Pictures excluded, reproduce exactly the lines below from the one with "アビリン市との姉妹都市交流" through the one with "Fot. 1. Projekt", both included.

───── DATA TO USE

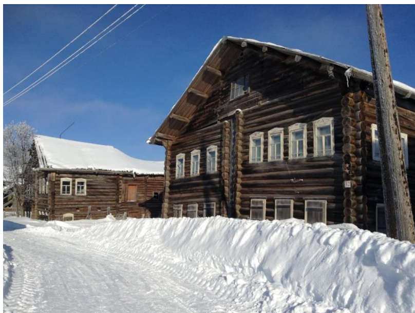
Рис. 2. Деревянные дома в селе Кимжа. Архангельская область.

В связи с нашими размышлениями о взаимодействии человека и природы я хотел бы вспомнить Н.В. Гоголя: «Словом, всё было хорошо, как не выдумать ни природе, ни искусству, но как бывает только тогда, когда они соединяются вместе, когда по... труду человека пройдёт окончательным резцом своим природа, облегчит тяжёлые массы, уничтожит грубо осязательную правильность и нищенские прорехи, сквозь которые проглядывает нескрытый, нагой план, и даст чудную теплоту всему, что создалась в хладе размеренной чистоты и опрятности» [4].
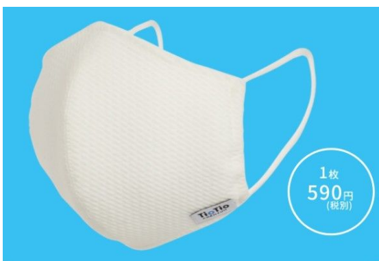
TioTioプレミアム 洗える立体マスク

青山商事の「TioTioプレミアム 洗える立体マスク」は、ハイブリッド触媒®TioTio® PREMIUMという特殊な加工を行うことで、清潔で安全に保つ機能を持たせた布地を使用していることが特徴。抗ウイルス性、抗菌、消臭、防汚、安全性、抗カビなどに長けており、現在は抽選販売が行われるほど人気を集めている。
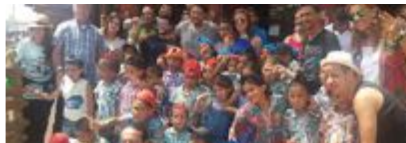
Sorties & découvertes
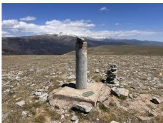
Cim de la Creueta
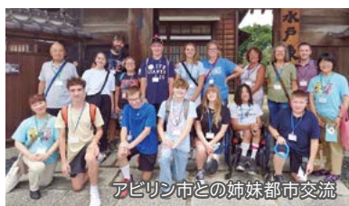
アビリン市との姉妹都市交流
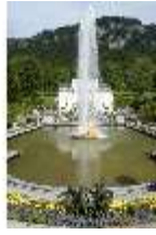
Lin.I, Hauptfassade, großes Bassin, DI005795, BSV
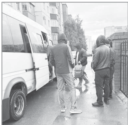
Каждый знает: о семье, которая остаётся в тылу, обязательно позаботятся

В ЛУЧШЕМ в стране пункте отбора на военную службу по контракту в столице Югры ребята подпишут контракт с Министерством обороны РФ и получат распределение по воинским частям. Напомним, с 1 августа внесены изменения в порядок предоставления выплат при заключении контракта на военную службу. Теперь, призываясь
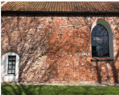
Links de 2e dichtgemaakte zuidingang. Rechts de dichtgemaakte oorspronkelijke zuidingang. Schuin daarboven een vergroot gotisch venster

Verder valt op dat de kerk naar het westen toe is vergroot. In het nieuwe deel werden aan de noord- en zuidzijde nieuwe ingangen gemaakt. Daarbij zullen de oude ingangen zijn gedicht. Tijdens de laatste restauratie werd de "nieuwe" zuidingang dichtgemaakt om een kerkenraads- kamer te maken. Om licht in de kerkenraads- kamer te krijgen werd er een rechthoekig venster ingezet. De huidige entree bevindt zich er tegenover aan de noordzijde.
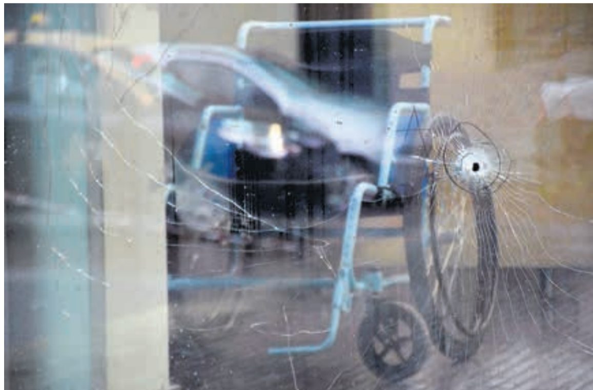
Las huellas del ataque al hospital Clemente Álvarez.

Las autoridades, provinciales y nacionales, dicen que los ataques son una reacción a las medidas de traslados de presos y endurecimiento de las condiciones de encierro.
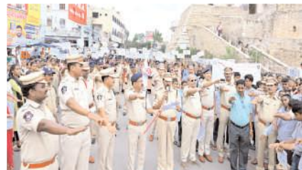
ప్రతిజ్ఞ చేయిస్తున్న దృశ్యం
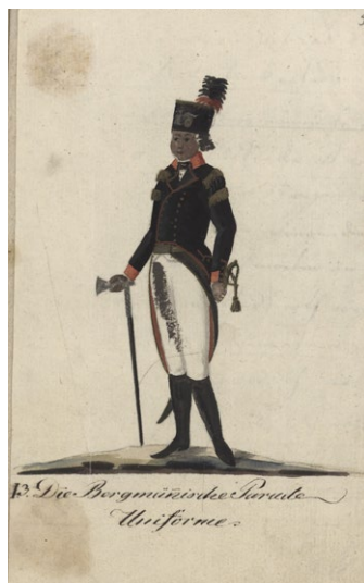
Fot. 1. Projekt paradnego munduru górniczego, 1804
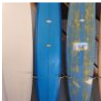
Planche de surf MD bleu/effet or avec son support (L : 277cm - planche unique) Mise à prix : 300 €
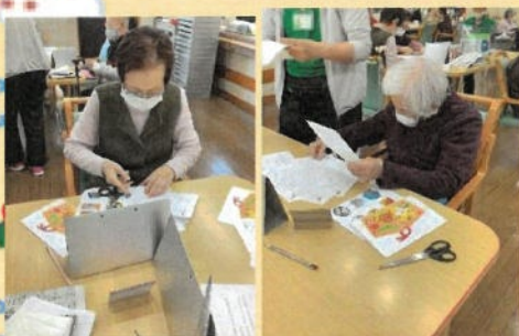
季節の制作 2022年カレンダー作り
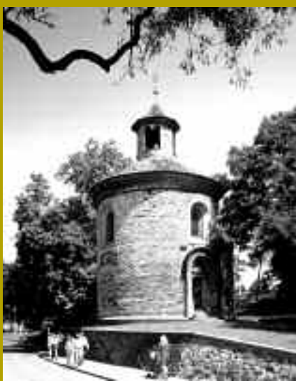
LA ROTONDE SAINT-MARTIN À VYŠEHRAD - [ O.T. RÉPUBLIQUE TCHÈQUE ]

Après la bataille de la Montagne-Blanche (1620), le parti catholique mené par la maison d'Autriche, triomphe des protestants. Le catholicisme redevient l'unique

──────────

ANSWER BOX:
アビリン市との姉妹都市交流
Lin.I, Hauptfassade, großes Bassin, DI005795, BSV
Каждый знает: о семье, которая остаётся в тылу, обязательно позаботятся

В ЛУЧШЕМ в стране пункте отбора на военную службу по контракту в столице Югры ребята подпишут контракт с Министерством обороны РФ и получат распределение по воинским частям. Напомним, с 1 августа внесены изменения в порядок предоставления выплат при заключении контракта на военную службу. Теперь, призываясь
Links de 2e dichtgemaakte zuidingang. Rechts de dichtgemaakte oorspronkelijke zuidingang. Schuin daarboven een vergroot gotisch venster

Verder valt op dat de kerk naar het westen toe is vergroot. In het nieuwe deel werden aan de noord- en zuidzijde nieuwe ingangen gemaakt. Daarbij zullen de oude ingangen zijn gedicht. Tijdens de laatste restauratie werd de "nieuwe" zuidingang dichtgemaakt om een kerkenraads- kamer te maken. Om licht in de kerkenraads- kamer te krijgen werd er een rechthoekig venster ingezet. De huidige entree bevindt zich er tegenover aan de noordzijde.
Las huellas del ataque al hospital Clemente Álvarez.

Las autoridades, provinciales y nacionales, dicen que los ataques son una reacción a las medidas de traslados de presos y endurecimiento de las condiciones de encierro.
ప్రతిజ్ఞ చేయిస్తున్న దృశ్యం
Fot. 1. Projekt paradnego munduru górniczego, 1804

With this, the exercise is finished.